An additional inspection check was made determining that the worm helix lead tracking profile was uniform without any “drunkenness” to it.
Any “drunkenness” would show up as a blurring image when tracking an object.
All primary worm shaft ball bearings were purchased to the highest class that was available for concentricity with zero cam action.
All Boller and Chivens telescopes made “in plant” actual star observations. Each telescope would purposely be offset in its polar axis alignment with a slight base position rotation from true North.
Any stars image would then appear as a trail in the telescopes Right Ascension motion because of the telescopes misalignment.
While tracking a bright star, its image would be recorded on a glass photo plate. The stars image trail recorded on the plate should be a straight line determining the primary worm helix was linier and the mounting ball bearings did not introduced any cam action to the worm shaft.
The photo plate was then projected through an optical comparator and if the star trace was not undulating in each turn of the primary worm shaft, the telescope was determined to be tracking accurately.
The photo plate record was furnished to each telescope customer.
Inspection for worm helix uniformity “drunkenness” lead tracking profile or bearing cam action with a 0,00010 electronic Dial-indicator.
Master Equatorial Mount, Jet Propulsion Laboratory, Pasadena, California
Bill Rehrig, of Boller and Chivens shown above
Boller and Chivens designed and manufactured three Master Equatorial Mounts for the three 70-meter radio telescopes located approximately equidistantly around the world. One is installed at Goldstone near Baker, California, one is installed at Tidbinbilla, Australia and one is installed in Robledo, Spain.
The Master Equatorial Mount is installed inside the 70-meter Radio Telescope’s dish in a dome-like housing at the intersection of where the Radio Telescope’s azimuth axis centerline crossed its elevation centerline. The fork type Master Equatorial mount would be driven to Declination and Hour Angle positions tracking in space at Right Ascension speed.
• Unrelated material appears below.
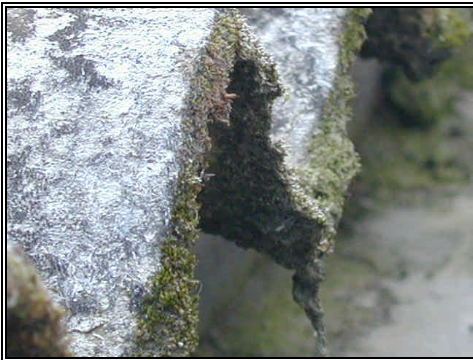
Rilievo fot. n°23

A front surface of an optical flat mirror assembly is installed on the Master Equatorial mount exactly where its polar axis crossed its declination axis and also coincides with the Radio Telescopes azimuth axis and elevation axis.
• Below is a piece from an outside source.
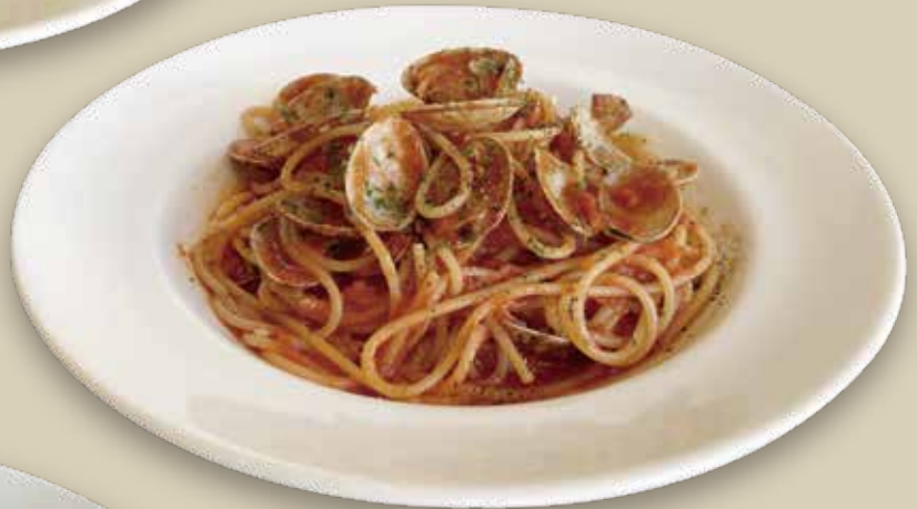
ボンゴレロッソ 1,500円

Mounted on the rear of the Radio Telescope’s dish is a 2nd optical flat mirror assembly that is spaced away from the 1st optical flat mirror assembly of the Master Equatorial Mount.
By an automatic optically auto-collimating system between the 1st and the 2nd flat mirrors, a read-out is documented exactly where the Radio Telescope dish was pointed in space.
When in operation the Master Equatorial Mount and the Radio Telescopes can be driven to a predetermined field of view. The auto-collimating system will then lock the Equatorial Mount to the Radio Telescope’s Master Equatorial Mount tracking this automatically. The reverse of this action is where the Radio Telescope is pointing at an unmapped area of interest in the sky. The Master Equatorial Mount will be driven into auto-collimation to the Radio Telescope and automatically track this interest area with positioning information being recorded.
The system’s angular repeatable accuracy was determined to be better than six arc-seconds.